689. Harrod to E. F. M. Durbin , 11 August 1937 [a]
[Replies to a letter not found and to 679 ]
I am afraid you wont get an answer to your letter of July 30 without delay. I got it as the ship was leaving Athens and it cannot be posted till Costantinople. Whether it will reach you safely from Turkey I cannot say!
I brought it on board (this is the Hellenic Travellers' Cruise on which I am taking my mother [1] ) with a view to giving it a considered reply. But the conditions are not conducive to thought. One sees sights, gets exhausted, then dozes in the sun.
The chief point of conflict between your theory and mine is that according to me the rate of increase of consumption does not slow down to the secular trend during the boom, but on the contrary such a slowing down is the signal for the crash. [2]
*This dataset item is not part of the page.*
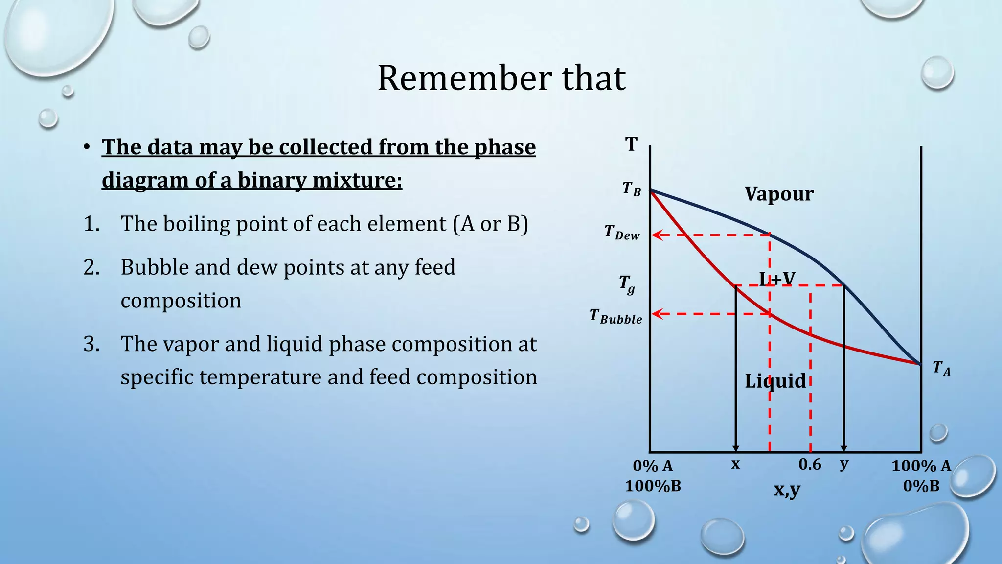 3. Flash distillation separates a feed stream into a vapor and liquid product using equilibrium relationships, and the compositions are solved using operating line equations.

Perhaps I ought to distinguish 2 factors governing volume of capital output: (i) rate of increase of consumption (ii) percentage of such consumption which cannot be produced with existing machinery. In my book I only deal with (i). [3] It is possible that the rise of (ii) in the later phases of the boom might allow some slowing down of (i) without entailing a recession in the volume of capital output (which spells a crash).
I dont think that the boom can be sustained by bank inflation once there is any decline in the volume of capital goods required resulting from factors (i) and (ii). I regard the refusal of the banks to give extra credit as secondary, because I dont see how it can have a strong effect on (i) and (ii). Excuse the paucity of this comment.
2. See letter 679 , [jump to page] .
3. Harrod, The Trade Cycle ( 1936:8 ), chapter II, section 1.